Cognitive Behavioural Therapy (CBT) Is Not Akin to “Gaslighting Yourself,” and Here’s Why:

Lately, I’ve been seeing more and more posts from somatic therapists warning that Cognitive Behavioural Therapy (CBT) is not only ineffective, but potentially harmful, particularly for people with trauma or complex PTSD.

One of the main criticisms is that CBT labels trauma responses or emotional flashbacks as “cognitive distortions,” which is seen as pathologizing or dismissive. And I get where that concern comes from. When someone is dysregulated, overwhelmed, or deep in a triggered state, trying to “reframe” or “challenge” their thoughts can feel invalidating or just straight up inaccessible.

But here’s the thing: when practiced with care, CBT doesn’t have to be dismissive. In fact, it can be deeply compassionate and trauma-informed. The issue isn’t the modality, it’s how it’s applied.

In CBT, a “cognitive distortion” isn’t a denial of emotional truth. It simply refers to a thought that might not reflect the whole picture or the current context. It doesn’t say that you didn’t feel alone, hurt, or unseen. That pain is real, and it matters. The purpose isn’t to minimize your experience, but to gently explore whether your current interpretation of a situation is being shaped by earlier emotional programming.

Trauma isn’t just what happened to us… It’s how our nervous system learned to make sense of the world in response. The beliefs and survival strategies that imprinted as a result were adaptive. They worked at the time.

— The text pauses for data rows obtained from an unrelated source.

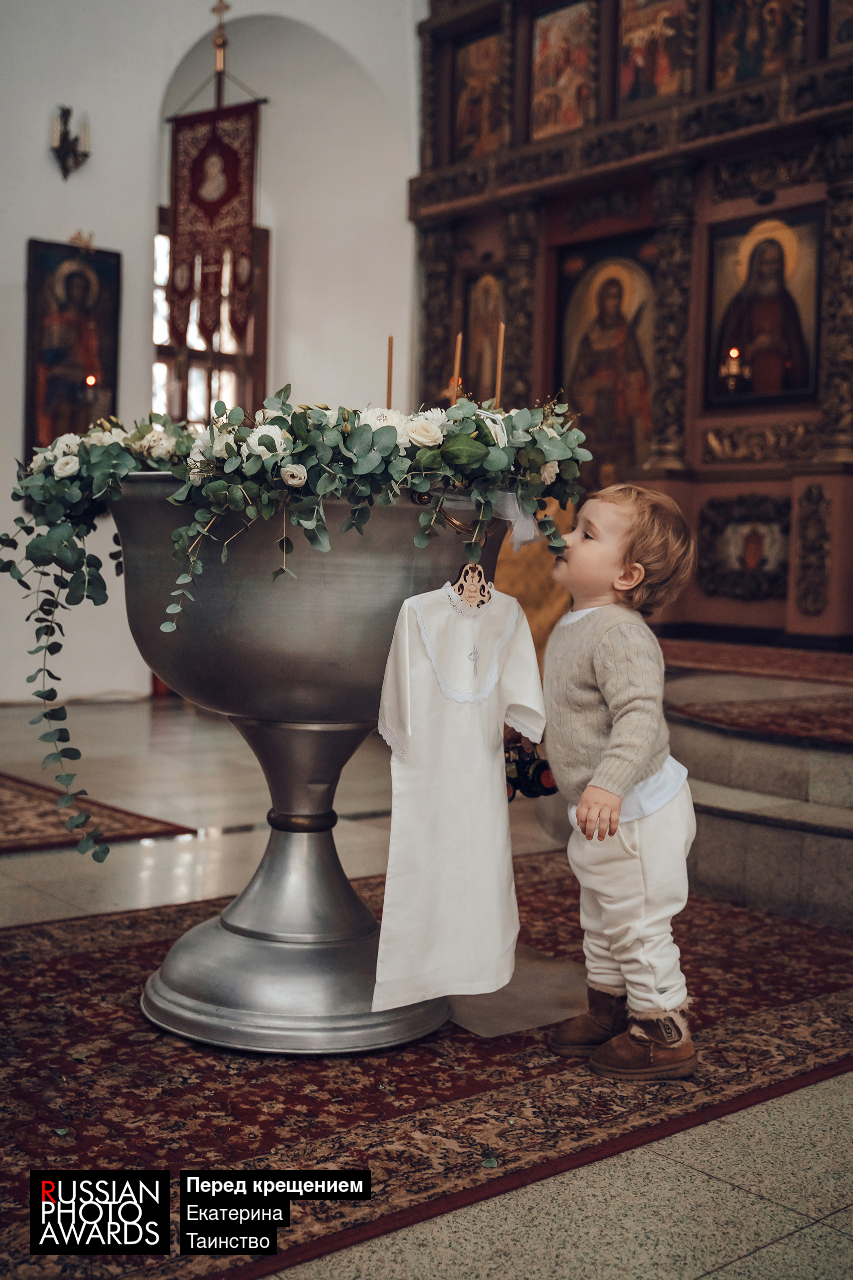 Перед крещением малыш подошёл к своей купели, непостановочный кадр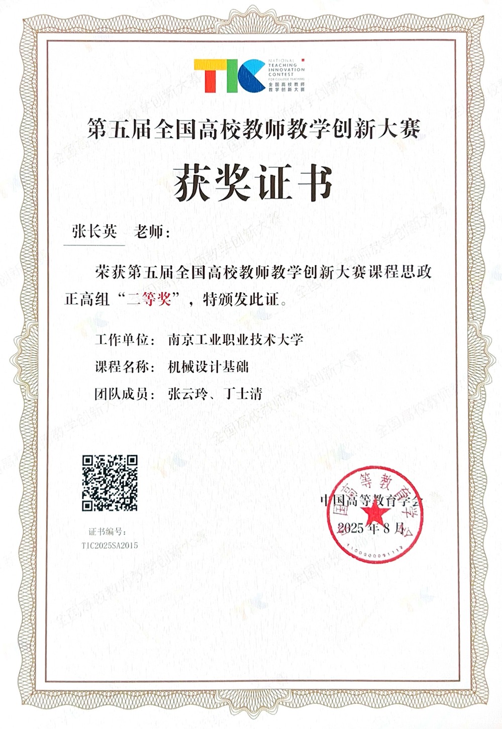8月16日至19日,由教育部高等教育司指导、中国高等教育学会主办的第五届全国高校教师教学创新大赛全国赛现场评审在北京理工大学成功举办。 我校机械工程学院教师张长英凭借在课程思政教学方面的系统创新与扎实成效,荣获课程思政正高组全国二等奖。
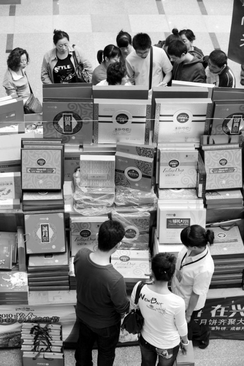 記者注意到,幾乎所有的月餅生產廠家都將成垛的月餅禮盒,擺在醒目的位置進行促銷。100元至300元之間的月餅禮盒成為不少企業的主打品種。一位銷售人員介紹,今年月餅禮盒的價格大多在300元以下,200元左右中低價位禮盒銷售最好。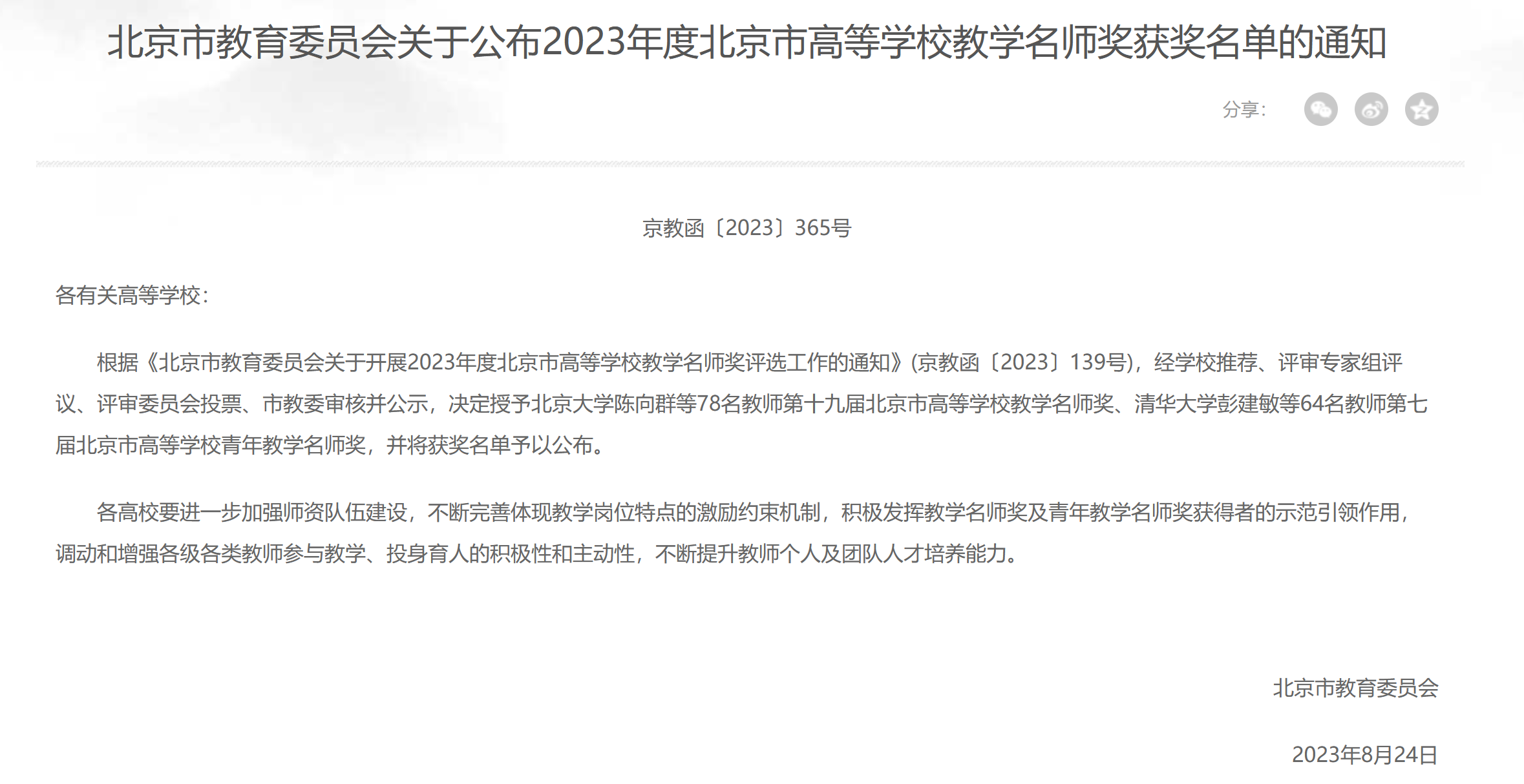 近日,北京市教育委员会下发了《关于公布2023年度北京市高等学校教学名师奖获奖名单的通知》(京教函〔2023〕365号),友里 刘永峰教授荣获第十九届北京市高等学校教学名师奖。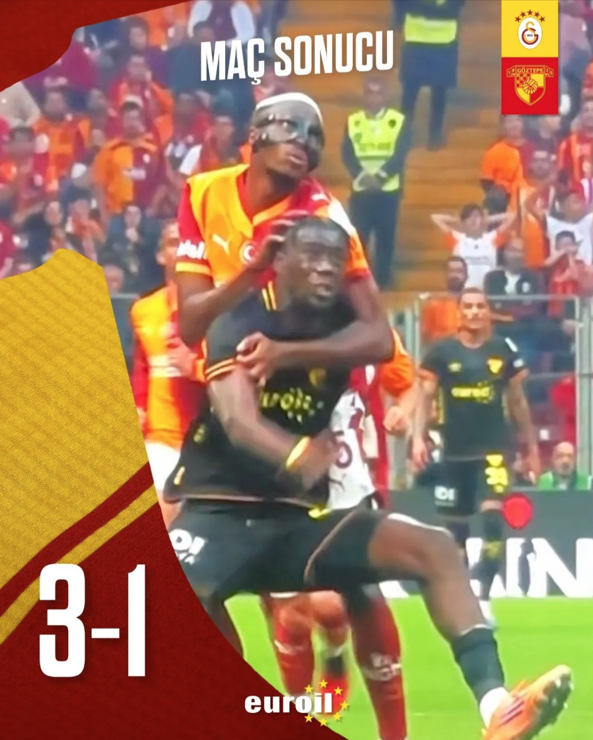 Daha sonra maç sonu paylaşımında Osimhen’in rakibine yaptığı hareketin fotoğrafını kullanan Göztepe Kulübü, paylaşımına “Tek kelimeyle biçildik!” notunu düştü.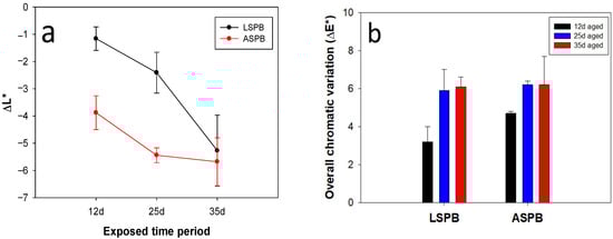 Oven ageing induced a lightening decrease of the treated surfaces, which increased with exposure time (Figure 1). In fact, the chromatic coordinate L*, that is related to surface brightness, was much more affected than a* and b*, and its value distinctly decreased with the ageing time (ΔL* < 0, Table 1, Figure 1a). The brightness lowering of organic coatings is a visible effect that is usually suggestive of their degradation due to ageing processes [26,27].

But that doesn’t mean they’re still serving us today.

As kids, we don’t yet have the capacity to separate “I feel alone” from “I am alone,” or “I feel unloved” from “I am unlovable.” Those interpretations become embedded, hardwired into how we relate to ourselves and the world. And unless we pause to examine them, they follow us into adulthood as quiet assumptions: I’m too much. I’m not enough. I have to earn love. I’ll be abandoned if I speak up.

CBT, when done well, doesn’t say that our beliefs were irrational for the child we once were. It simply asks: Are they still true for me now? Are they helping me move forward, or keeping me stuck in familiar patterns of pain?

That exploration can be powerful and liberating, especially when held alongside compassion, curiosity, and emotional attunement.

It’s true that if someone is in a heightened state of emotional activation (think: fight, flight, freeze, or fawn) that cognitive reappraisal isn’t always helpful. Their executive functioning (e.g., reasoning, problem solving, planning) might be offline. In those moments, what’s often needed first is safety, regulation, co-regulation, and grounding. All things that should be included in any form of therapy or counselling, no matter the framework.

To say that CBT is inherently harmful ignores the nuance of how it’s used. Trauma-informed CBT weaves in space for the emotional, the somatic, and the relational. It doesn’t rush to correct or convince, it invites reflection. And maybe most importantly, it recognizes that we can hold space for our emotional truths and question whether the beliefs we carry still belong to us. Learned beliefs, like “I’m not enough” or “I have to be perfect to be loved”, are just that: learned. They’re not signs that something is wrong with us. They’re signs that we adapted to survive.

And so it’s not harmful to ask: Are these beliefs helping me now? Are they aligned with the adult I am today? Or are they reminiscent of a time when love and safety felt out of reach?

When CBT is paired with trauma awareness and emotional attunement it can be a powerful tool, not for bypassing our pain, but for reclaiming our agency within it.